The bill was resuscitated thanks in part to the leadership of Senate Majority Leader Harry Reid, who was able to corral 61 votes on the measure, and a belated push by the White House.  Arne Duncan, Pres. Obama's Secretary of Education, commented: "It is a great vote for American children. It showed a lot of courage."

It was clearly a momentous occasion, as the House of Representatives decided to cut short its August recess and come back to D.C. next week to pass the Senate's version of the bill.

While the Medicaid payments to states will not be distributed till January 2011, the teachers' aid will be doled out almost immediately to bolster school districts preparing to fire thousands of teachers this month. If the House had decided not to come back early, the measure would have only passed in September, by which time school rosters would have been shattered by layoffs.
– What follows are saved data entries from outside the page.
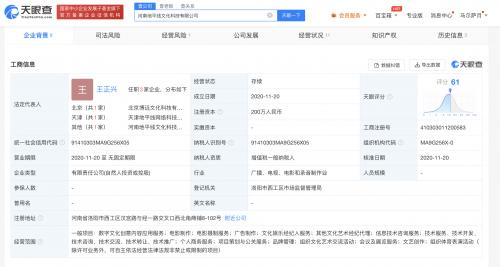 该公司成立于2020年11月,法定代表人为王正兴,注册资本200万人民币,经营范围含数字文化创意内容应用服务、电影制作、文化娱乐经纪人服务、品牌管理、组织体育表演活动等,由王一博、王正兴分别持股70%、30%。
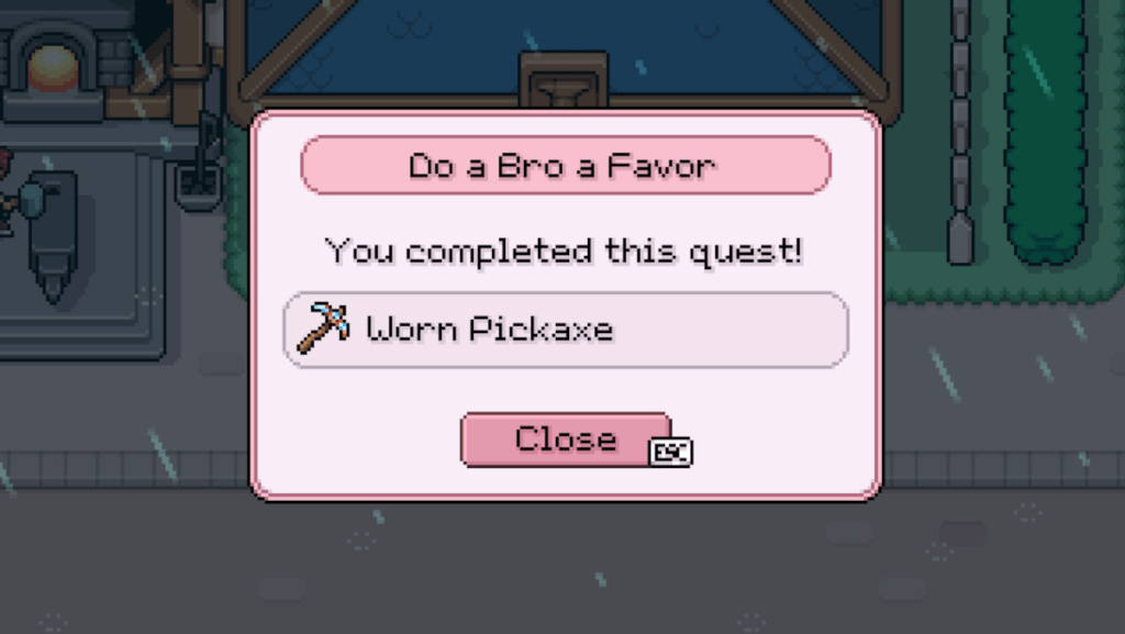 To get a Pickaxe, you’ll need to pick up a quest from the Request Board in town. The quest you need is called ‘Do a Bro a Favor’, and simply requires you to head to the Blacksmiths and talk to Olric. When you speak to him, he’ll give you an Worn Pickaxe which you can then use to mine any small rock and get between one and two Stone.
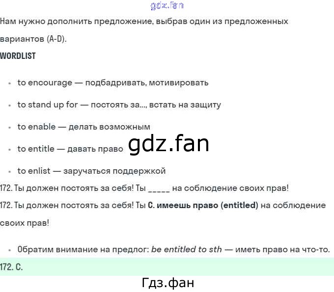 Проверка домашнего задания всегда занимает большое количество времени. На помощь приходит ГДЗ фан по Английскому языку десятого класса. Здесь собраны популярные ответы на 172 (стр. 89) Английский язык 10 класс рабочая тетрадь Starlight Баранова К.М.
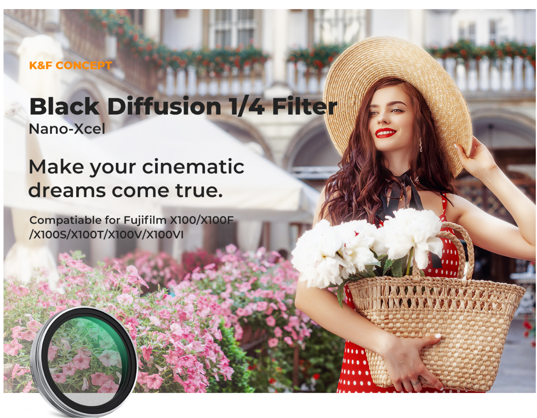 Compatible con las cámaras Fujifilm X100/X100F/X100S/X100T/X100V/X100VI. El filtro difuminador profesional negro de 1/4 de pulgada aporta a las imágenes un efecto halo suave y onírico, al tiempo que reduce el contraste y la nitidez al fotografiar. Suaviza la textura de la piel, reduce las imperfecciones y aporta a los tonos de la piel un aspecto más suave y natural.
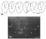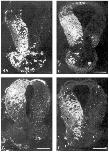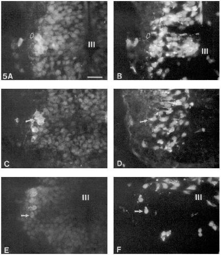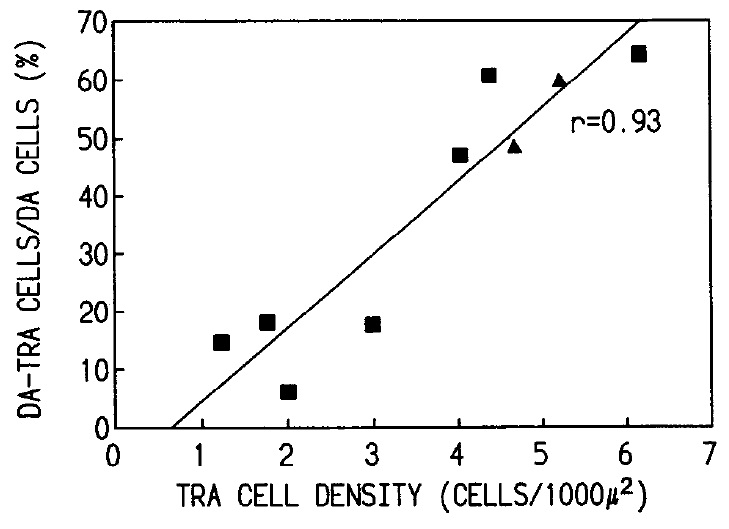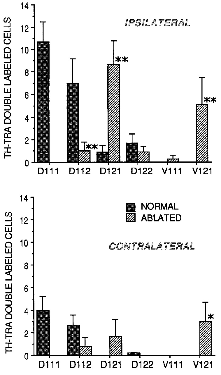 of members of the TRA-labeled clone, open circles indicate TH-positive cells, and dense-cored circles indicate double-labeled (DA-TRA) cells.

The bill is likely to pass through the Democrat-controlled House, and is considered an important political victory by the Obama Administation. In recent weeks, the White House had been coming under fire from union supporters who believed that the President was more interested in passing untested reforms than keeping teachers on the job and in the classroom. With this emergency teacher aid, the President protects his administration from that criticism.

According to unofficial estimates by the Pennsylvania Budget and Policy Center and other news sources, Pennsylvania will get around $600 million for FMAP (Medicaid) funds and possibly around $400 million for teachers' jobs. This is definitely some welcome news amidst press conferences and op-eds about the Commonwealth's severe budget crisis.

With $600 million of the expected $850 million coming in for FMAP funds, legislators in Harriburg will now only have to overcome a $250 million shortfall in the state's budget. Coincidentally, that is the exact amount of the basic education funding increase in the 2010-11 budget. Powerbrokers like GOP State Senator Dominic Pileggi have already been eyeing the basic education increase as an area to cut in order to balance the budget. Pileggi recently stated that basic education is "the only line of the budget that is a large line that received a substantial increase that is purely discretionary."

Will Gov. Ed Rendell and his fellow Democrats fight to protect the basic education funding increase? Will they find other cuts, or explore options to increase revenues so that continued investments in Pennsylvania's schools are not disrupted? These questions will surely be addressed, if not answered, in the upcoming weeks.